È in corso il Workshop sull’aggiornamento della Mappa Nazionale di Inondazione da Tsunami in Spagna, Grecia e Cipro usando la metodologia applicata per sviluppare le mappe di inondazione ed evacuazione in Italia (Taller Mapa Tsunami Nacional – España). Un incontro tecnico dedicato al confronto tra decisori istituzionali e comunità scientifica sul processo di revisione delle mappe nazionali di pericolosità da tsunami. Il workshop coinvolge rappresentanti delle autorità competenti, ricercatori (anche del Centro Allerta Tsunami-INGV) ed esperti del settore con l’obiettivo di supportare l’aggiornamento delle mappe, strumenti centrali per la pianificazione territoriale, la protezione civile e la gestione del rischio nelle aree costiere.
L’iniziativa è pensata per guidare le autorità nazionali nelle valutazioni necessarie all’aggiornamento delle mappe, con particolare attenzione all’integrazione delle sorgenti di tsunami di origine sismica attraverso l'approccio che prevede l'utilizzo del Probabilistic Tsunami Hazard Assessment (S-PTHA). Tale approccio consente di analizzare la pericolosità da tsunami considerando la probabilità - calcolata in base all'elaborazione di diversi scenari sismici - e i potenziali effetti lungo la costa, contribuendo a rendere le mappe di inondazione più coerenti con le attuali conoscenze scientifiche e maggiormente utilizzabili a supporto dei processi decisionali.

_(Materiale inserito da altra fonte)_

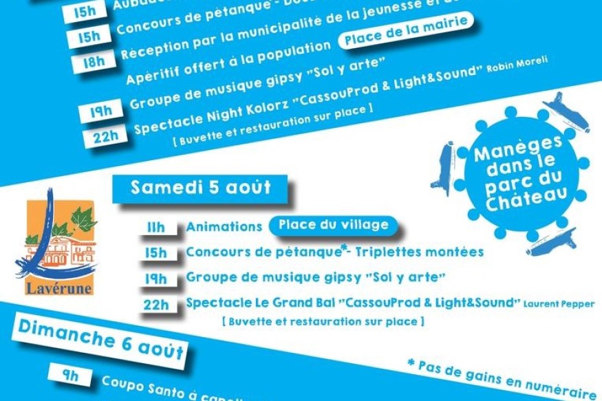 Ne manquez pas les Fêtes votives de Lavérune du 04 au 06 août 2023 !Au programme:- Aubades, concours de pétanque, Groupe de musique gipsy, spectacle Night Kolorz, spectacle le grand bal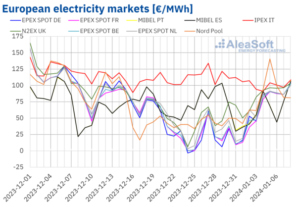 As for hourly prices, the German, Belgian, French and Dutch markets registered negative hourly prices on Jan. 1 and 3. On Jan. 1, the British market also registered negative prices. However, these negative prices were not as low as those reached in these markets during the previous week. On the other hand, on Friday, Jan. 5, from 16:00 to 17:00, the Nordic market price was €254.58/MWh. This was the highest hourly price since December 2022. The MIBEL market registered the lowest daily prices between January 5 and 7, which helped it to have the lowest weekly average compared to the rest of the main European markets.

Nel corso del workshop vengono presentati il progetto NEAM-COMMITMENT e la metodologia adottata per lo sviluppo delle nuove mappe di inondazione da tsunami, illustrando i criteri scientifici e i modelli utilizzati. Sono inoltre condivisi i risultati ottenuti finora e avviato un confronto tecnico con gli esperti partecipanti, finalizzato a raccogliere osservazioni utili per affinare i parametri di progetto e verificare la validità e l’applicabilità operativa delle mappe.
Il workshop rappresenta, inoltre, un momento di confronto tra ambito scientifico e istituzionale, finalizzato ad accrescere la conoscenza degli tsunami e, di conseguenza, a rafforzare i processi preparatori e tutelativi sugli tsunami con lo scopo di garantire che gli strumenti sviluppati siano coerenti con le esigenze della gestione del rischio a livello nazionale e regionale.